Я залепетал что-то о собаке госпожи д-р Хартлауб, но она не дала мне оправдаться. «Собака! – перебила она меня. – Так и есть, играл с собакой! Еще скажи, что ел мороженое! Знаю я вас! Вечно торчите у киоска госпожи Хирт и только и думаете, как бы налопаться мороженого!»
Ну уж это была чудовищная подлость! Бросать мне упрек в том, что я якобы покупаю мороженое в киоске госпожи Хирт! Когда я еще даже не получал карманных денег! Мой брат и его приятели – те занимались подобными вещами. Они просаживали в киоске госпожи Хирт все свои наличные. Но только не я! Я был вынужден униженно выклянчивать у мамы или сестры каждую порцию мороженого! Я спешил на урок музыки, преодолевая в поте лица огромные трудности, а меня обвинили в том, что я ошиваюсь вокруг киоска госпожи Хирт и лопаю мороженое! Это была такая низость, что я просто онемел от обиды и расплакался.

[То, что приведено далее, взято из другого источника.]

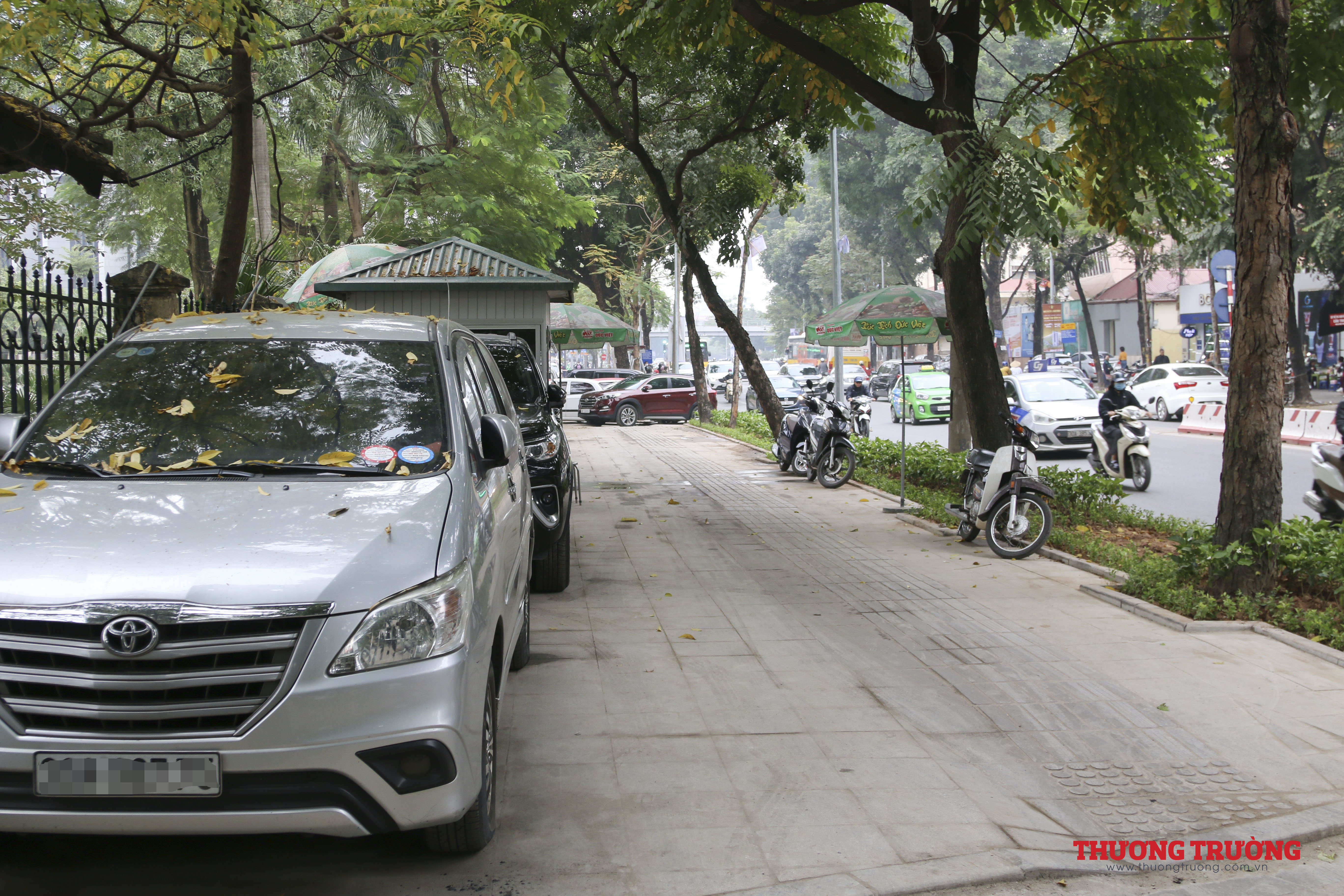 Vỉa hè Huỳnh Thúc Kháng (quận Đống Đa, Tp Hà Nội) sau khi công trình đã hoàn thiện, khang trang, một phần vỉa hè của tuyến phố này đã bị biến thành bãi đỗ xe, gây khó khăn cho người đi bộ.

«Прекрати реветь! – гаркнула барышня Функель. – Вынимай свои ноты и показывай, что ты выучил! Наверное, опять не играл упражнений?»

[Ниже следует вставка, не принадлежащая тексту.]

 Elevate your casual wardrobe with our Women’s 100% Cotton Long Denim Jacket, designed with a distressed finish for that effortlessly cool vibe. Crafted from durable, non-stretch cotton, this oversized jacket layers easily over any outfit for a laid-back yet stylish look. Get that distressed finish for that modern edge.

В этом она, увы, была права. Действительно, на прошлой неделе мне было почти совсем не до музыки, во-первых, потому, что у меня было полно других важных дел, а во-вторых, потому, что заданные этюды были отвратительно трудны, какая-то фугообразная дребедень в шаге канона, правая и левая рука расходятся Бог знает как далеко, одна ни с того ни с сего застревает там, другая ни с того ни с сего застревает здесь, все это в занудном ритме с необычными интервалами, да сверх того и ужасное звучание. Фамилия композитора, если не ошибаюсь, была Хесслер, черт бы его побрал!
Тем не менее полагаю, что я довольно пристойно продрался бы через обе пьесы, если бы не различные волнения по дороге на урок – главным образом наскоки терьера госпожи д-р Хартлауб – и взбучка, которую в довершение всех бед учинила мне барышня Функель, полностью растрепав мои нервы. И вот я сидел за роялем, весь дрожа и обливаясь потом, с затуманенными от слез глазами… передо мной восемьдесят восемь клавиш и этюды господина Хесслера, а в затылок мне гневно дышит барышня Функель… конечно, это был полный провал. Я все перепутал, басовый и скрипичный ключи, половинки и целые ноты, паузы в четверть и паузы в одну восьмую такта… Я даже не доиграл до конца первой строки, когда клавиши и ноты расплылись в калейдоскопе слез и я, опустив руки, тихо разрыдался.